I’m of a mind that we still have as much of a reading culture as we ever did. People still read. They read books and essays and various works of nonfiction. People read literary novels and genre fiction and scholarly books and all sorts of things.
Does the majority of the population read? No. And it never did.
Here’s where it depends on how you look at things. Did a larger percentage of people in the past read books, especially serialized fiction? Maybe, but if they did it’s because they didn’t have anything better to do.
In the heyday of serialized fiction, which was probably the Victorian era, reading was the only remotely passive form of entertainment for the home.

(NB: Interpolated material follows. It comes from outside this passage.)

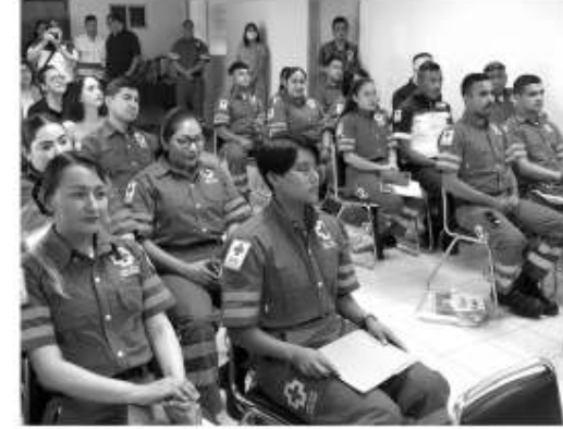
que la delegación continúa sin médico en el turno nocturno.

If people wanted music, they had to make it, which meant they had to know how to play instruments and be able to afford them. If they wanted theatrical entertainments, they had to go to theatres, and lots of people did. Theatre was actually popular.
But if they wanted to sit at home and be entertained by themselves, reading was an easy pastime.

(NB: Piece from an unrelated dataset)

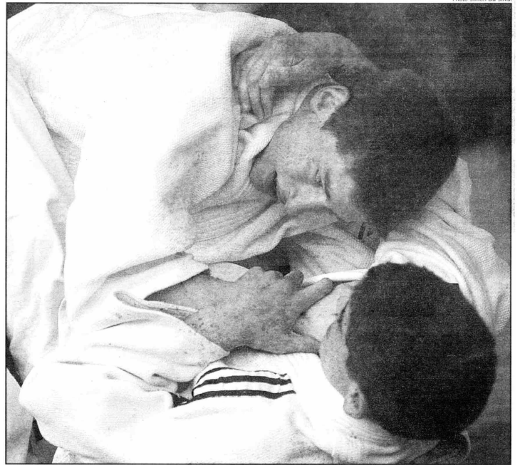
Les combats ont été comme toujours très disputés.

prix d'excellence avec le fameux Label A. Ce week-end, il s'agissait juste d'un incident de parcours face auquel le club était confronté malgré lui. Mais cette indisposition a eu un côté positif. Il a permis aux judokas, jus-

With radio, television, and the Internet, the sorts of people who just want some easy passive entertainment don’t need books, so they don’t read them. It’s really that simple. We never had a reading culture. We had an entertainment culture where reading was the easiest form of entertainment.
It’s certain based on the evidence that reading isn’t for everyone. Most people don’t read, and most of them never did. Even if they’re technically capable of understanding strings of words in grammatical form, they don’t really read.

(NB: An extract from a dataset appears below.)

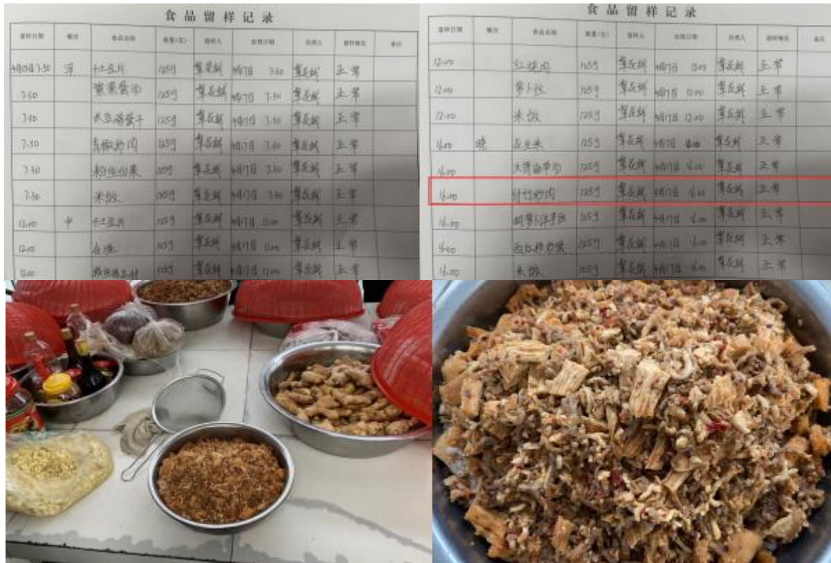
图 4 稽核当日剩余菜品和留样记录组图

People might think I’m just being cynical, but look at the culture. Does it really seem likely that people who spend hours a day watching reality TV or the staccato of gibberish that is Fox News or CNN are capable of “deep reading”?
Deep reading has never been an activity for the masses. It’s always been the preserve of a minority. Serious readers are outliers in the culture and we always have been.
You might disagree. You might look around at the people you know, your family, your friends, your colleagues. Most of them might be readers. It might not be unusual for you to be reading two or three books at a time, piled up on your nightstand, maybe one or two tucked into a purse or pack when you’re out of the house.
You might love it that you can take hundreds of books with you on a Kindle, because otherwise when you travel you have to pack several books because you never know what you might want to read in a given moment and it’s important to have variety.
You might have books piled on shelves, or just be a heavy user of your local library. Either way, there’s always lots to read.
If that describes you and your family, friends, or colleagues, I want to break it to you as gently as I can. You’re freaks. The majority of people, if they knew your reading habits, would look at you and wonder why you spend so much time staring at words on a page instead of binge-watching television or playing Pokemon Go.
There will be no death of reading because there will always be freaks like us who enjoy immersing ourselves in the printed word, whether it’s the esoteric joy of working through a difficult poem or the more lighthearted and lightheaded joy of reading an adventure to see what happens next. The reading freaks will always be with us, and I take some comfort in that.